L’OFT dévoile les principaux obstacles à la fluidité des transports en Côte d’Ivoire

L’OFT dévoile les principaux obstacles à la fluidité des transports en Côte d’Ivoire

29/07/2026 - 05:28
L’OFT dévoile les principaux obstacles à la fluidité des transports en Côte d’Ivoire
L’OFT dévoile les principaux obstacles à la fluidité des transports en Côte d’Ivoire

La facilitation et la fluidité des transports en Côte d’Ivoire ont été au cœur des échanges entre le secrétaire général de l’Observatoire de la Fluidité des Transports (OFT), Dr Kouyaté Mohamed, et les citoyens, le mardi 28 juillet 2026, à l’occasion de la tribune d’information gouvernementale « Tout savoir sur », organisée par le Centre d’Information et de Communication Gouvernementale (CICG), au Plateau, à Abidjan.

Au cours de cette rencontre, le secrétaire général de l’OFT a présenté les principales conclusions du rapport d’activités 2025 sur l’état de la fluidité des transports en Côte d’Ivoire. Ce document dresse une cartographie de la situation de la fluidité et de la facilitation des transports sur l’ensemble du territoire national.

Selon Dr Kouyaté Mohamed, les difficultés de circulation dans le Grand Abidjan sont principalement observées aux heures de pointe. Elles sont notamment dues aux stationnements anarchiques, à l’occupation illicite des trottoirs ainsi qu’à d’autres comportements contraires au Code de la route.

Sur les axes interurbains, il a indiqué que la fluidité routière est essentiellement affectée par la multiplication des postes de contrôle, le phénomène du racket et les perceptions illicites. Ces pratiques entraînent une hausse des coûts du transport des marchandises, avec des répercussions sur les prix des produits de consommation et le pouvoir d’achat des populations. En 2025, le montant des perceptions illicites a été estimé à 103,68 milliards de FCFA par an.

Abordant le transport maritime, Dr Kouyaté Mohamed a souligné que l’OFT collecte régulièrement des données relatives au temps de séjour des marchandises au port de San Pedro, premier port mondial d’exportation de cacao, afin d’évaluer la célérité des formalités portuaires.

Les résultats enregistrés sont jugés satisfaisants. Le délai moyen est de 6,92 jours à l’export, bien en deçà de la norme maximale de 21 jours, tandis qu’il est de 5,61 jours à l’import, contre une norme de 10 jours.

« Notre structure entend renforcer son dispositif de contrôle du respect de la réglementation nationale et communautaire et conduire des actions en faveur de la lutte contre toutes les entraves à la libre circulation des personnes, des biens et des services », a assuré le secrétaire général.
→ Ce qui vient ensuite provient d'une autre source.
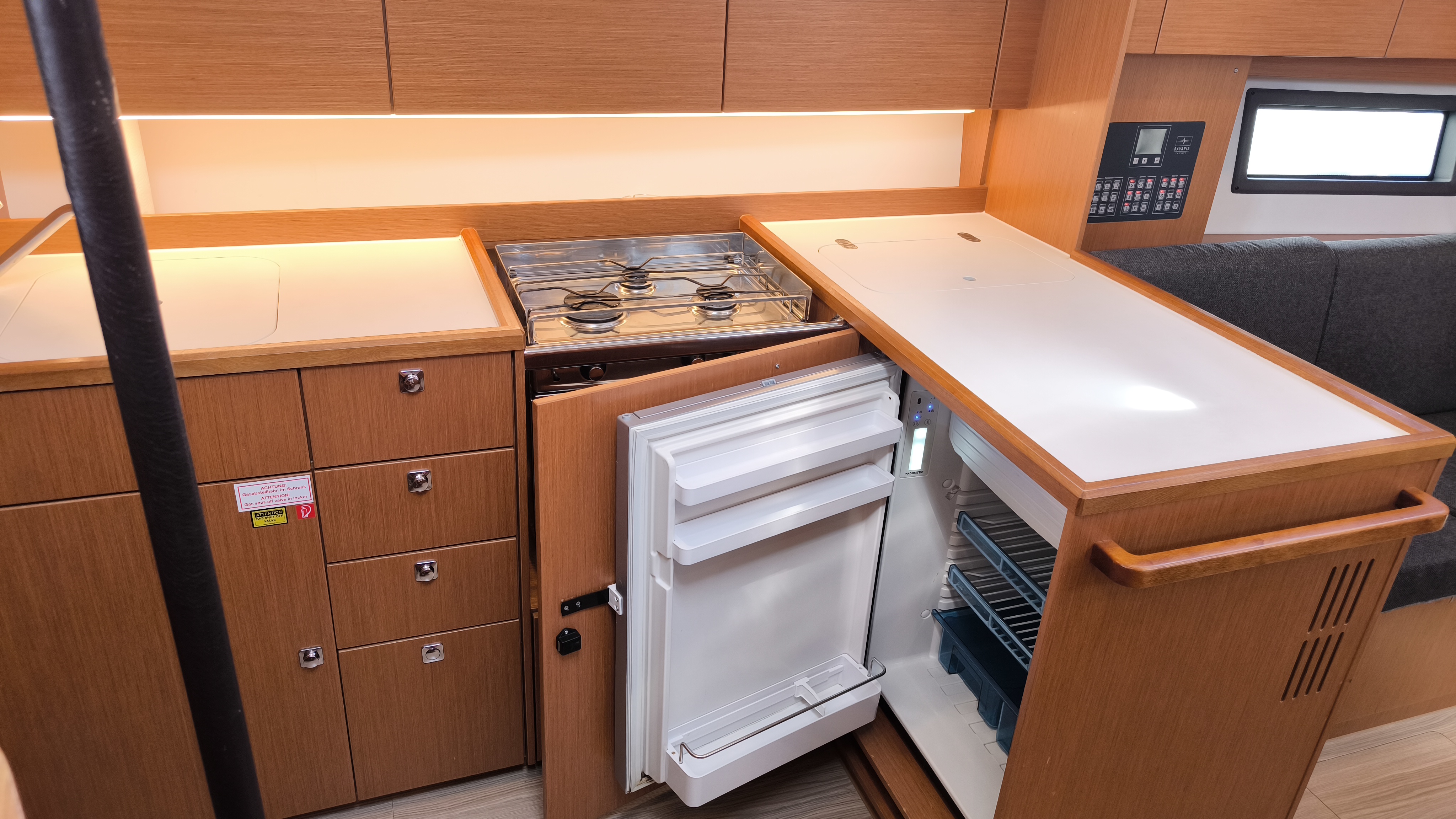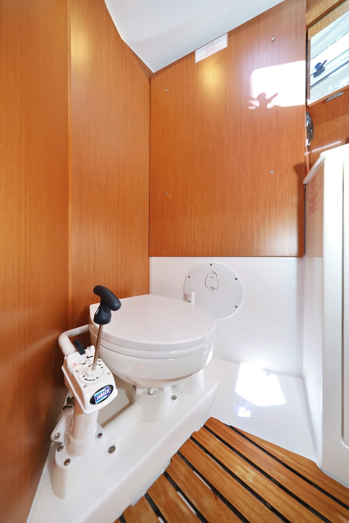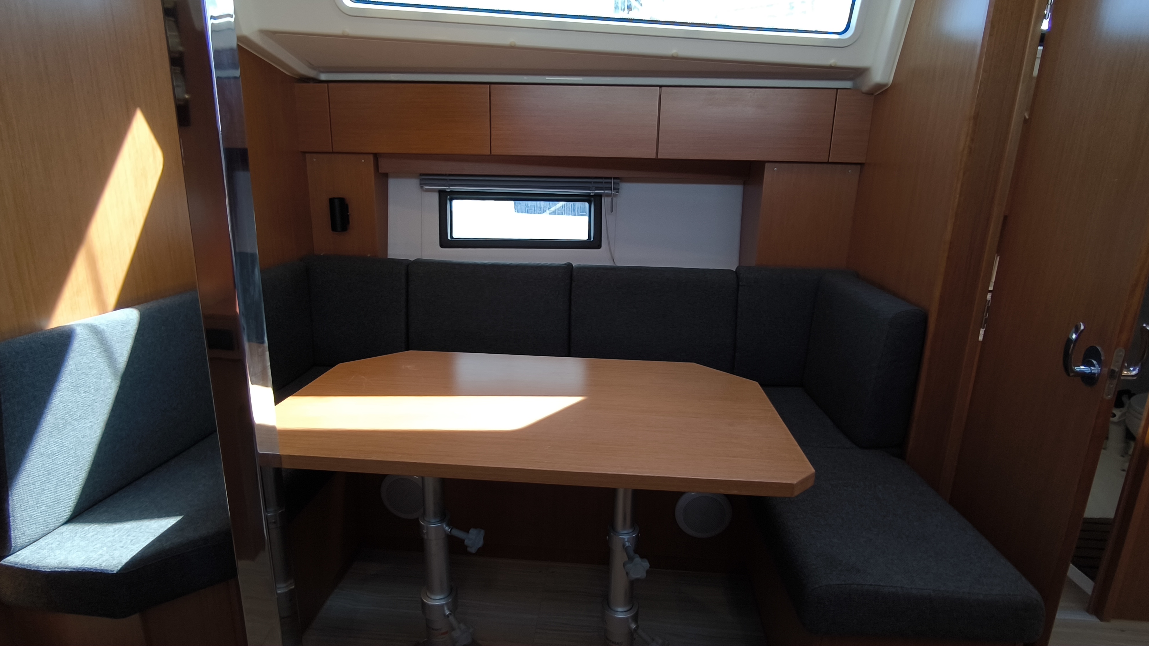 | Outside | 220 V-Landanschluss, Anker mit Kette, Badeplattform, Biminitop, Cockpitdusche, Cockpitlautsprecher, Cockpitpolster, Cockpittisch, elektr. Ankerwinsch, Fender, Festmacherleinen, Solaranlage, Sprayhood, Teak im Cockpit, Wantenschneider, Windex |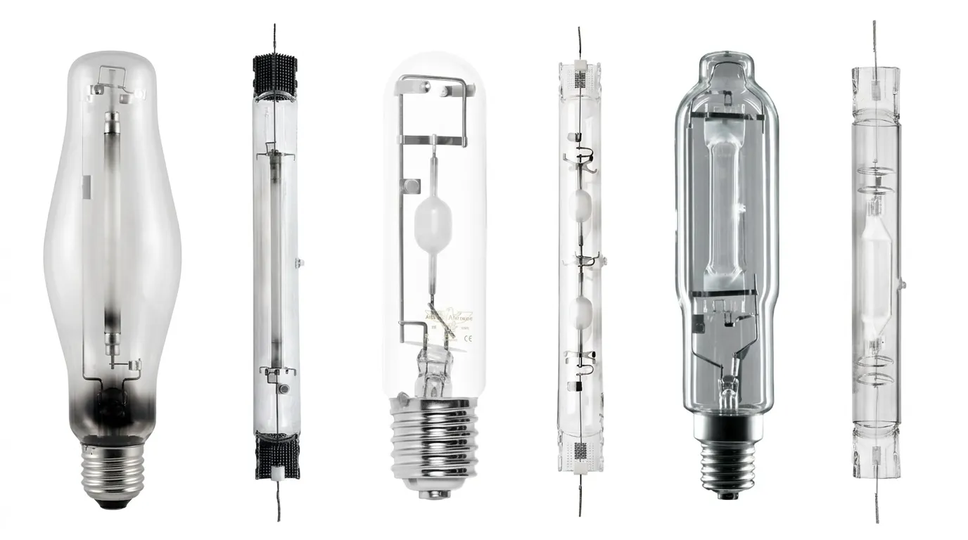 Die am häufigsten für Pflanzenbeleuchtung verwendeten HID-Lampen sind High Pressure Sodium (HPS) [zu deutsch: Natriumdampf-Hochdrucklampen bzw. NDL], Metal Halide (MH) [zu deutsch: Metall-Halogen] und Ceramic Metal Halide (CMH) [zu deutsch: Keramik-Metall-Halogen]. Sie sind mit zwei verschiedenen Anschlussarten erhältlich: mit Schraubfassung (z. B. E40) oder mit beidseitigem Anschluss (Double-Ended). Die Anschlussart spielt für die Auswahl der Lichtquellen-Einstellung keine Rolle.

Dans cette dynamique, l’OFT poursuit les opérations de démantèlement des barrages illégaux et la lutte contre les pratiques anormales sur les corridors routiers.

Il a rappelé qu’un arrêté conjoint des ministres chargés des Transports, de la Défense et de la Sécurité fixe à 33 le nombre de localités autorisées à abriter des postes de contrôle. Tout barrage installé en dehors de ces localités est considéré comme illégal.

« Nous veillons à ce que les sanctions aient un caractère exemplaire, tout en faisant en sorte que ces pratiques ne se reproduisent plus », a-t-il insisté.

Le secrétaire général de l’OFT a également évoqué les initiatives engagées pour moderniser le secteur des transports et réduire son empreinte carbone. Selon lui, le ministère des Transports encourage progressivement le développement d’alternatives aux motorisations thermiques afin de promouvoir une mobilité plus respectueuse de l’environnement.

Pour Dr Kouyaté Mohamed, la fluidité des transports constitue un levier essentiel du développement économique. « Le transport est à l’économie ce que le sang est au corps. La fluidité apporte toute l’accélération nécessaire à l’atteinte des objectifs économiques, sociaux et environnementaux fixés par le Gouvernement », a-t-il expliqué.

Au-delà de ses missions de contrôle et de régulation, l’Observatoire mène également des actions d’information, de sensibilisation et de communication auprès des usagers et de l’ensemble des acteurs du secteur des transports.

Créé le 24 octobre 2001, l’Observatoire de la Fluidité des Transports est chargé du contrôle et de la régulation de l’ensemble des activités et opérations susceptibles de faire obstacle à la fluidité et à la continuité des transports en Côte d’Ivoire.